_TO DO_
Your copy should begin with the line containing "Above: Brian Krzanich, CEO", end with the line containing "Teak osteklokke. Retro", match the listing below exactly, and contain no pictures.

_DATASET EXCERPTS_
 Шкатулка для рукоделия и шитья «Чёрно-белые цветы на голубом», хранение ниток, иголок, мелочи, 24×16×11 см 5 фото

...

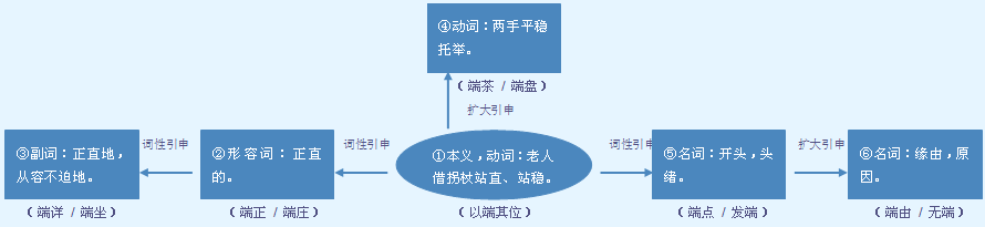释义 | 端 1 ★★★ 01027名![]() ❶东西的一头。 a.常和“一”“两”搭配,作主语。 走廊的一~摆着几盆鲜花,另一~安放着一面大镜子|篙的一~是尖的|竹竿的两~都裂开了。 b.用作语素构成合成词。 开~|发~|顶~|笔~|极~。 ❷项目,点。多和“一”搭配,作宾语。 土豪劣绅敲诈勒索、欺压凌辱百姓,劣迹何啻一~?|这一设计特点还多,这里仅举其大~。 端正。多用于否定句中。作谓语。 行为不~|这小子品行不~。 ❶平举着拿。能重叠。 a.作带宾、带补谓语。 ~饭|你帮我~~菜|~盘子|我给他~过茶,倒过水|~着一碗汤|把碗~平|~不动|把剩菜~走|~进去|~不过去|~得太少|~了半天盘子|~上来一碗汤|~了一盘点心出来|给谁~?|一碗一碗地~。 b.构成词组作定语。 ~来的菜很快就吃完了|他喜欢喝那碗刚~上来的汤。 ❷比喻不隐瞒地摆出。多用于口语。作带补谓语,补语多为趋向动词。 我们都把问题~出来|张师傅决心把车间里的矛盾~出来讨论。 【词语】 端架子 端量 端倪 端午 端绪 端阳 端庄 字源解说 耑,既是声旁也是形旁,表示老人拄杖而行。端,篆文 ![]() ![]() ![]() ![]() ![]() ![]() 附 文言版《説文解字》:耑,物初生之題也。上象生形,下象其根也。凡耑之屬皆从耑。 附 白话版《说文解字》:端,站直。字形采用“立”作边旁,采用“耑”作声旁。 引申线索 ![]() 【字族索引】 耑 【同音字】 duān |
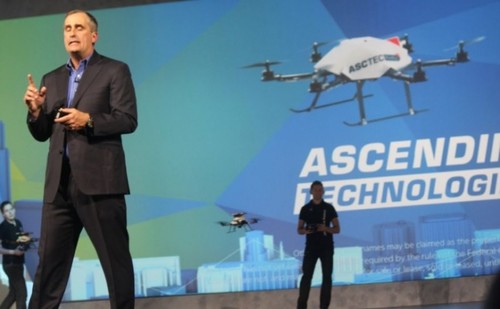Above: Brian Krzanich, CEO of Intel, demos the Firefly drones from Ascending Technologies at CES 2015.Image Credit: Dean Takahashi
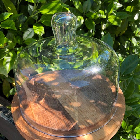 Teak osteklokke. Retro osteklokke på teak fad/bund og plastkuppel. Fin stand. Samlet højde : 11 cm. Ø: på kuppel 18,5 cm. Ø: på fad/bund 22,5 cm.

_OUTPUT FOR THIS TASK_
Above: Brian Krzanich, CEO of Intel, demos the Firefly drones from Ascending Technologies at CES 2015.Image Credit: Dean Takahashi
 Teak osteklokke. Retro osteklokke på teak fad/bund og plastkuppel. Fin stand. Samlet højde : 11 cm. Ø: på kuppel 18,5 cm. Ø: på fad/bund 22,5 cm.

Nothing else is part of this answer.